# Recorded information

>>>

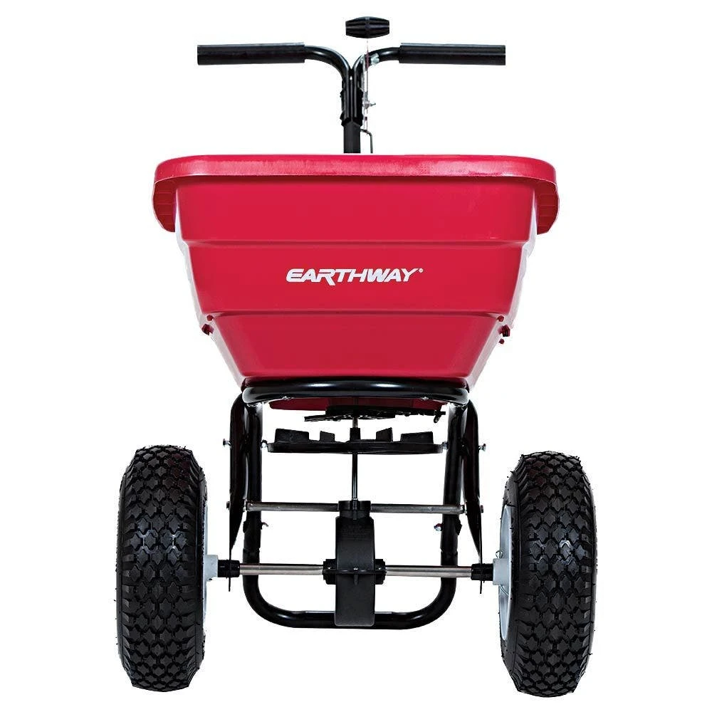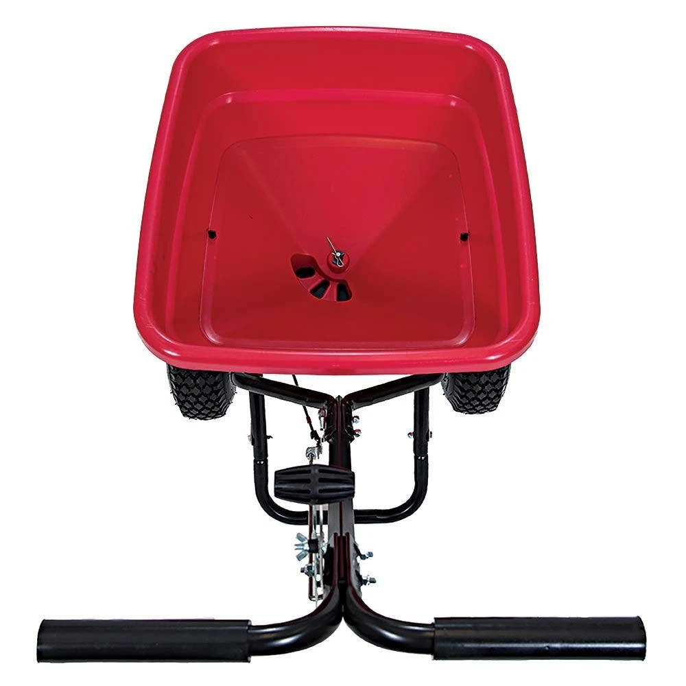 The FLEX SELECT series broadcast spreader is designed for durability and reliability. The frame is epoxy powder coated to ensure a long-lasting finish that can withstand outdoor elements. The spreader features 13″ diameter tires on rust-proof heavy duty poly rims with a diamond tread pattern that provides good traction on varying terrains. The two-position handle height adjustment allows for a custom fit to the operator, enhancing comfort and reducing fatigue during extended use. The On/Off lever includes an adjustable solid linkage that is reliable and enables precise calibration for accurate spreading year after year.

<<<
>>>

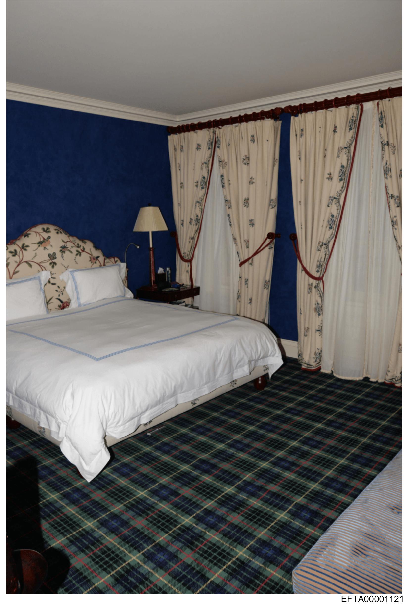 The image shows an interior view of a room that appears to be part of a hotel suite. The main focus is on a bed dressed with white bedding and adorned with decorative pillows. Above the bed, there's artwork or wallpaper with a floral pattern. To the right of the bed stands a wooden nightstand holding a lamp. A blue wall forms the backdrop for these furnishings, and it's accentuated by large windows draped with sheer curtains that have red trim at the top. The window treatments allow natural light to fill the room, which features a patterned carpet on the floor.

<<<
>>>

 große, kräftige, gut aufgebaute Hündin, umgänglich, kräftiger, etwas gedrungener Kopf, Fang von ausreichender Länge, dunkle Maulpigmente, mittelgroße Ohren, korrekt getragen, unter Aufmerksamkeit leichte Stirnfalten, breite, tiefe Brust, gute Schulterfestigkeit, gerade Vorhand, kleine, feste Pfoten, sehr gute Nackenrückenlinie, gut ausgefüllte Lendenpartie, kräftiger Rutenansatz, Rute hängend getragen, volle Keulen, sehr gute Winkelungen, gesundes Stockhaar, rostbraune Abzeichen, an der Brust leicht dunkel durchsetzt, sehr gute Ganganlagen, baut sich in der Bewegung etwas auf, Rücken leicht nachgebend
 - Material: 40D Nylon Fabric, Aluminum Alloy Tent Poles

<<<

# Task prompt
Among the lines above, repeat exactly those from the line with "große, kräftige, gut" to the line with "- Material: 40D", counting both ends.

# Answer box
 große, kräftige, gut aufgebaute Hündin, umgänglich, kräftiger, etwas gedrungener Kopf, Fang von ausreichender Länge, dunkle Maulpigmente, mittelgroße Ohren, korrekt getragen, unter Aufmerksamkeit leichte Stirnfalten, breite, tiefe Brust, gute Schulterfestigkeit, gerade Vorhand, kleine, feste Pfoten, sehr gute Nackenrückenlinie, gut ausgefüllte Lendenpartie, kräftiger Rutenansatz, Rute hängend getragen, volle Keulen, sehr gute Winkelungen, gesundes Stockhaar, rostbraune Abzeichen, an der Brust leicht dunkel durchsetzt, sehr gute Ganganlagen, baut sich in der Bewegung etwas auf, Rücken leicht nachgebend
 - Material: 40D Nylon Fabric, Aluminum Alloy Tent Poles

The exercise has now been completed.